Ray if your offer works for Angela I’d love to have just one of her seedlings. I keep telling myself no more orchids, but this sentimental gal is saying, yes.


----------



## denisewh (Feb 19, 2022)

I would love to have a few if possible. I know have my phrag large curio working in the dining room with everything needed for phrags But only if convenient under the circumstances.


----------



## JLOG (Feb 19, 2022)

Sorry to heart that Angela


----------



## awesomei (Feb 19, 2022)

Hi Angela,
I am so sorry to hear about your husband. I pray that he has a peaceful time of all of that. 
I have hundreds of phrags. But, I would always love something new or different. When you have time, let me know what you have. I would be glad to take them all.
George


----------



## Justin (Feb 19, 2022)

I am very sorry to hear about your husband.


----------



## orchidmouse (Feb 19, 2022)

My deepest sympathy. You are in my prayers.


----------



## orchidmouse (Feb 19, 2022)

Ray said:


> I'm so sorry to hear that, Angela.
> 
> I can only handle a few, but I'd be happy to be a "central distribution point".

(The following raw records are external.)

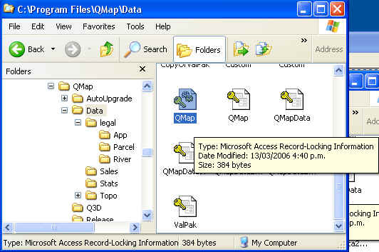 - Browse to the QuickMap folder using Explorer, and look for a file called QMap.LDB. If your version of Explorer hides file extensions, then QMap.LDB will be described as a Microsoft Access Record-Locking Information file. If you find a file called QMap.LDB, this normally means that someone is running QuickMap on your network, and is probably why the upgrade did not work. If you are sure no-one is running QuickMap, then you can delete the file manually.If the file cannot be deleted, you can reboot the PC and try again. If the file is on the server and you are browsing the file through a shared network drive, then you will need to reboot the server, not your local PC.After deleting the file, re-run the upgrade off Disk 2. If QMap.LDB did not exist in the first place, continue with step 4 below.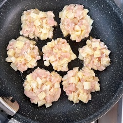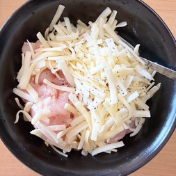 加熱したじゃがいものボウルに①で切った鶏胸肉、片栗粉、塩胡椒、チーズを入れよく混ぜ合わせる。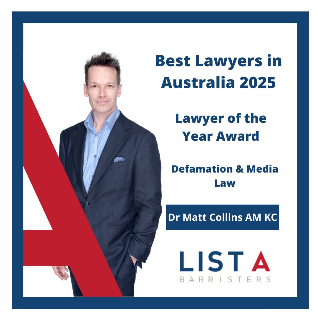 - Dr Matt Collins AM KC in the area of Defamation and Media Law
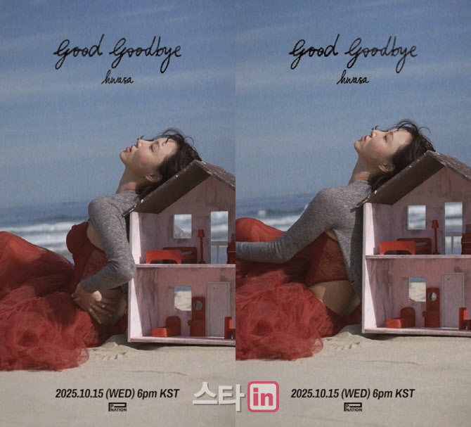 올해첫신곡…SNS에티저영상공개[이데일리스타in김현식기자]걸그룹마마무멤버인가수화사(HWASA)가오는15일오후각종온라인음원사이트를통해신곡‘굿굿바이’(GoodGoodbye)를발매한다고소속사피네이션이2일밝혔다.피네이션은공식사회관계망서비스(SNS)채널에화사의컴백을알리는티저영상을게재해팬들의이목을끌었다.이영상에는바닷가모래사장위에앉아있는화사의모습이담겼다.화사는미니어처로제작된집에기댄채아련하면서도서정적인분위기를자아내신곡에대한궁금증을높였다.‘굿굿바이’는화사가올해처음선보이는신곡이다.화사는올해시애틀,오클랜드,로스앤젤레스,댈러스,휴스턴,애틀랜타,워싱턴D.C,브루클린,보스턴,토론토,시카고등북미11개도시와태국방콕에서투어공연을펼치며바쁜일정을소화했다.아울러KBS2TV‘나라는가수인스페인’으로시청자들에게근황을알렸다.김현식([email protected])Copyright©이데일리.무단전재및재배포금지.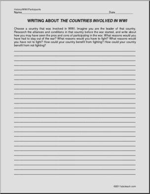 A two page text on how the participating countries in WWI became involved in the war. Includes a page of multiple choice and a page of short answer questions, as well as a writing prompt.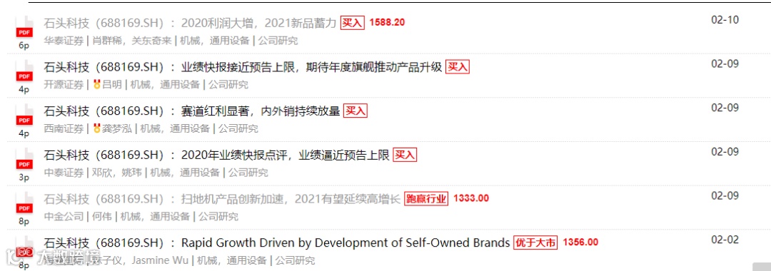 中金公司2月9日发布研报《石头科技(688169):扫地机产品创新加速 2021有望延续高增长》称,公司发布2020年业绩快报,收入45.3亿元,同比增长7.7%;归母净利润13.7亿元,同比增长75.2%,净利润率30.3%。对应4Q20收入15.5亿元,同比增长31.9%,归母净利润4.72 亿元,同比增长135%,净利润率30.5%。中金公司将其目标价定到了1333元。

Hi Ray. Keep me in mind please. Thanks. Miki White


----------



## awesomei (Feb 19, 2022)

Hello Ray,
Same goes for me if Angela chooses you.
George


----------



## abax (Feb 19, 2022)

Many thanks to all of you. I appreciate the kind thoughts.


----------



## eOrchids (Feb 19, 2022)

My deepest sympathy!


----------



## Phragper (Feb 20, 2022)

am so sorry for where you and your husbands journey is going. Your kinds words to me in previous posts have always made me smile So would definitely be interested in any or all of your pkants


----------



## Phragper (Feb 20, 2022)

plants


----------



## southernbelle (Feb 20, 2022)

Angela, my heart and prayers are with you and your family, for peace and grace. I wish I was closer to help with all of this. I have no room, but trust others can relieve you of the burden of moving them on. God Bless.


----------



## abax (Feb 20, 2022)

Because Ray has been so kind to me over the years of our association, he has made the
offer to take all the orchid seedlings and distribute them for me. His offer is a blessing for me.
I'll send them to him when the weather obliges. It ain't now. He'll let you know when
he has them for distribution. I hope this doesn't disappoint anyone. I'm so grateful to
you all.


----------



## BrucherT (Feb 21, 2022)

abax said:


> Because Ray has been so kind to me over the years of our association, he has made the
> offer to take all the orchid seedlings and distribute them for me. His offer is a blessing for me.
> I'll send them to him when the weather obliges. It ain't now. He'll let you know when
> he has them for distribution. I hope this doesn't disappoint anyone. I'm so grateful to
> you all.


I am so very sorry for your troubles.


----------



## NYEric (Feb 21, 2022)

My deepest sympathy for your journey. I hope for the best and that our little joke keep a smile on your face.


----------



## abax (Feb 21, 2022)

Thank you Eric and Brucher. Yes, it does Eric. I get a giggle every time you gig me, but
I'm still not going to buy a camera. My Jason Fischer 3N's perfection would choke you to
death. We wouldn't want that now would we.


----------



## NYEric (Feb 21, 2022)

3N!? Hmmmmmmmmm.. 
Anyway.. phones with cameras are pretty cheap now...


----------